Naytronix’s music is the key to this, as if the slipstream of time that our lives drag on behind could be cross-cut, altogether avoided, or drafted and overtaken. The expression of this for Brenner is simplicity. The intricate and wide-spanning production of his debut is cinched tight as a racing foil as he goes back to where it all started: his bass, his voice, the secrets of drum machines and dreams, narrowing down his songwriting style to focus on narrative and cohesive arrangements, the Song. The result was hours of music not likely to see the light of day, tracks taken to the chopping block at the now iconic Oakland studio New, Improved Recording with friend, collaborator, and guitarist Mark Allen-Piccolo. He and Brenner, along with percussionist Robert Lopez, sculpted nine songs into something resembling a compact trio album, which was then filled out with sounds and textures from fellow Oberlin Conservatory family members Matt Nelson and Noah Bernstein (tUnE-yArDs saxophones) and synth master blaster Michael Coleman (Beep!).

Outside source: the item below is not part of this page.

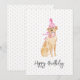 Ouro de Aquarela Labrador Cachorro Arte no Chapéu de Aniversário, Fita em Rosa em Maçãs brancas, mini balões em fundo com FELIZ ANIVERSÁRIO personalizado em cinzas. Fácil de personalizar texto, cor de texto. Excelente para QUALQUER comemoração de aniversário, Fanfarrão de Cachorro, Laboratório de Ouros, Parto de Aniversário, Mãe de Cachorro / Aniversário do Pai. Festivo, Doce, Divertido. Misturar e combinar coleções inteiras de Quebra de presente/Pistas de Cachorros por TMCdesigns.
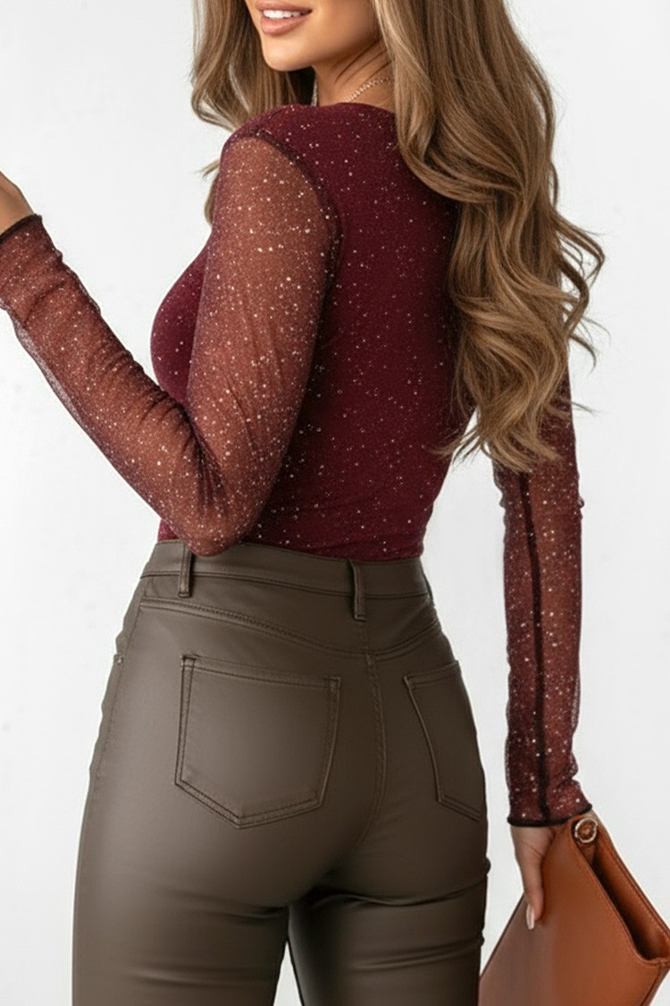 - Bluza ima duge rukave od tila i sjajne detalje koji je čine još atraktivnijom.

Brenner has digested a lot in the three years since introducing this world to Naytronix. tUnE-yArDs has turned into something of a perpetual motion machine, taking him to far corners of the Earth, as well as Carnegie Hall and the TV sets of Jimmy Fallon, Conan O’Brien, Jools Holland, and Austin City Limits. He did some recording and performing with music royalty Yoko Ono and Sean Lennon, got to collab and learn from Cibo Matto’s Yuka Honda, and even found some time to take the Naytronix band around the US and across the Atlantic from London to Istanbul. And while his music keeps its characteristic reflection of the ‘70s of Onyeabor and Bootsy Collins, there is too a new face of the sincerity and vulnerability of the ‘70s of Arthur Russell he shows here amid the psychedelia, as if wishing to land the Naytronix Mothership down to stay with us for a bit. Brenner returns to his adopted hometown Oakland (he’s originally from Bloomington, IN) to find friends lost one by one to the allure of New York City in “Living in a Magazine.” On the track “Back in Time,” he grapples with a fleeting youth, crooning, “Time is tricky ‘cause you only get a single play, not like a record you can throw on every single day.” As music and life become one for the touring musician living (in) the dream, the line between plays and days gets more and more blurred. And in the Naytronix dreamland, no one’s there to dictate which is which.